The old interface for filing the documentation was cumbersome. Employees had to divide up the document by typing in page numbers to indicate where to split the PDF into sets of pages.
There was no automation to detect any of the document content. It was all visually inspected by employees and information (such as invoice bill totals) was copied in to the Logistics Platform during the filing process.
Once paperwork was filed, there were no preview images to easily see the page content attached to shipment paperwork. Users only had a list of links to PDF files which they could open in a new window to view.
“Since going live with the new document processing system in Spring 2020, our client has used the platform to process over 35,000 files representing more than 110,000 pages of paperwork.”
The Solution
We tackled this problem by building out a multipart document processing platform that integrates with their existing Logistics Platform:
A new application that uses Sendgrid Inbound Parse to accept received emails. It validates and extracts the email content and attachments, replies with an automated confirmation/rejection email to the sender, and saves the PDF, TIFF, and image files and email metadata into the system and initiates the automatic text recognition and processing system.
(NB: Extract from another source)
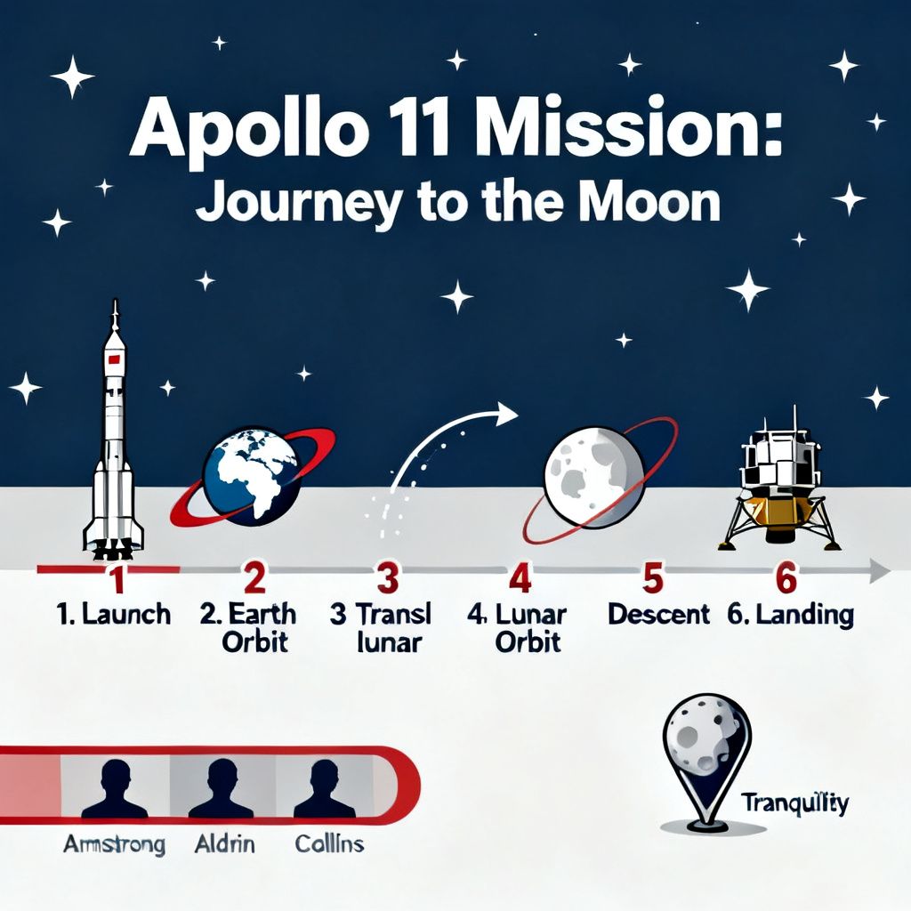 Text-to-Image“Create a clean, modern vector infographic poster about the Apollo 11 mission. NASA-inspired palette (navy, white, muted red, light gray). Flat-vector style, crisp lines, consistent iconography, subtle gradients only. Steps (stop at landing): 1. Launch (Saturn Vicon) 2. Earth Orbit (Earth + orbit ring icon) 3. Translunar (trajectory arc icon) 4. Lunar Orbit (Moon + orbit ring icon) 5. Descent (lunar module descending icon) 6. Landing (lunar module on the surface icon) Small supporting elements (minimal text): • Crew strip: three silhouette icons with only last names: Armstrong, Aldrin, Collins. • Landing site marker: Moon pin labeled "Tranquility" only. Layout constraints: generous margins, large readable labels, clean background with subtle stars. Vector-only, print-poster look, high resolution.”

A file preprocessing application that creates images for each PDF or TIFF document page, to eliminate the tedious page splitting process by allowing a simpler way to select, group, and categorize pages together.
An integration with Amazon’s Textract DetectText OCR service to capture printed text and handwritten additions on scanned paperwork as well as digital files.
A new interface powered by React and GraphQL to give employees a faster and more user-friendly method of filing paperwork.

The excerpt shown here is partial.